- _What the task asks_
Write out, word for word, each line from the start of the entries through the one holding "del_14q31.1 cnv correlated"; omit the pictures.

Collection entries:
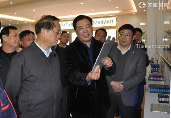 集團董事長趙寬在鋰電池生產(chǎn)線向王啟敏秘書長介紹天康鋰電池的性能優(yōu)勢與技術特點
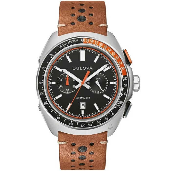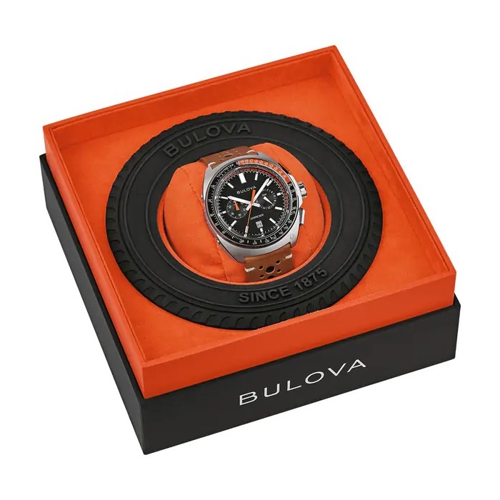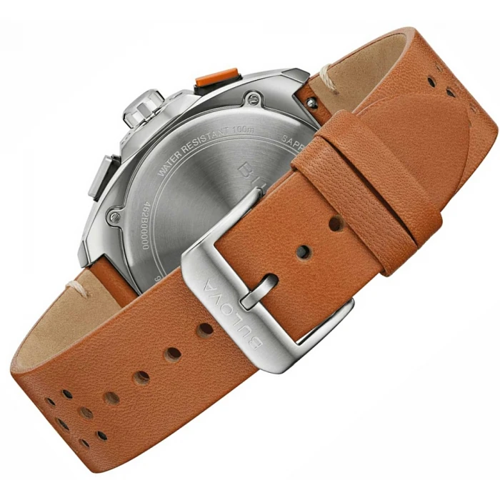 Nowy zegarek Bulova 98B427 z kolekcji sportowej amerykańskiego producenta, poświęconej szczególnie sportom motorowym. Ten nowoczesny chronograf posiada precyzyjny, japoński mechanizm kwarcowy MIYOTA OS21. Koperta, powlekana jonowo w czarnym kolorze wykonana została ze stali szlachetnej 316l która jest odporna na czynniki zewnętrzne. Skórzany, brązowy pasek jest trwały, ma solidna strukturę a przy tym jest wygodny i komfortowy w użytkowaniu.
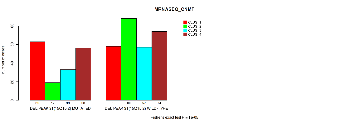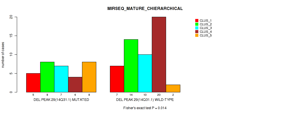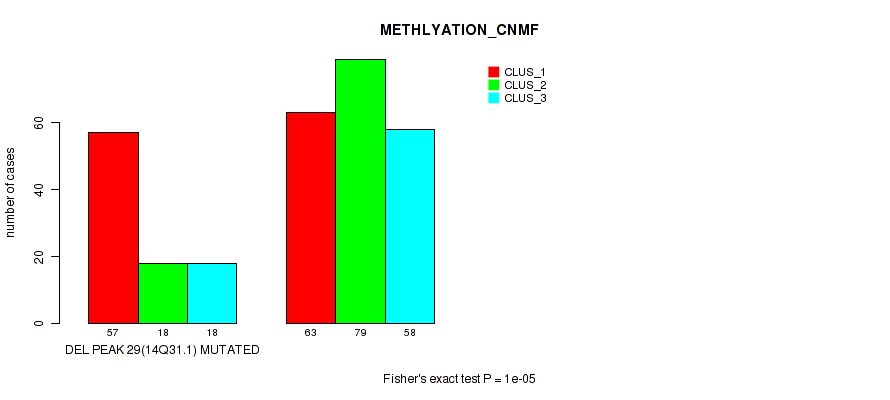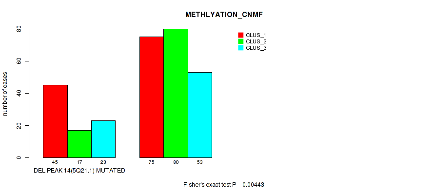 del_14q31.1 cnv correlated to 'MRNA_CNMF', 'MRNA_CHIERARCHICAL', 'CN_CNMF', 'METHLYATION_CNMF', 'RPPA_CNMF', 'MRNASEQ_CNMF', 'MRNASEQ_CHIERARCHICAL', 'MIRSEQ_CHIERARCHICAL', and 'MIRSEQ_MATURE_CHIERARCHICAL'.
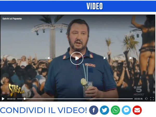E dire che il 22 settembre, un video simile, con protagonista un Matteo Salvini in tenuta da poliziotto al Papeete, con mojito d’ordinanza era stata chiaramente presentata con il titolo:
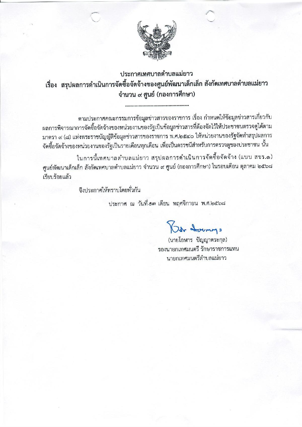 สรุปผลการจัดซื้อจัดจ้างของศูนย์พัฒนาเด็กเล็ก สังกัด กองการศึกษา ประจำเดือนตุลาคม 2568

- _Task result_
 集團董事長趙寬在鋰電池生產(chǎn)線向王啟敏秘書長介紹天康鋰電池的性能優(yōu)勢與技術特點
 Nowy zegarek Bulova 98B427 z kolekcji sportowej amerykańskiego producenta, poświęconej szczególnie sportom motorowym. Ten nowoczesny chronograf posiada precyzyjny, japoński mechanizm kwarcowy MIYOTA OS21. Koperta, powlekana jonowo w czarnym kolorze wykonana została ze stali szlachetnej 316l która jest odporna na czynniki zewnętrzne. Skórzany, brązowy pasek jest trwały, ma solidna strukturę a przy tym jest wygodny i komfortowy w użytkowaniu.
 del_14q31.1 cnv correlated to 'MRNA_CNMF', 'MRNA_CHIERARCHICAL', 'CN_CNMF', 'METHLYATION_CNMF', 'RPPA_CNMF', 'MRNASEQ_CNMF', 'MRNASEQ_CHIERARCHICAL', 'MIRSEQ_CHIERARCHICAL', and 'MIRSEQ_MATURE_CHIERARCHICAL'.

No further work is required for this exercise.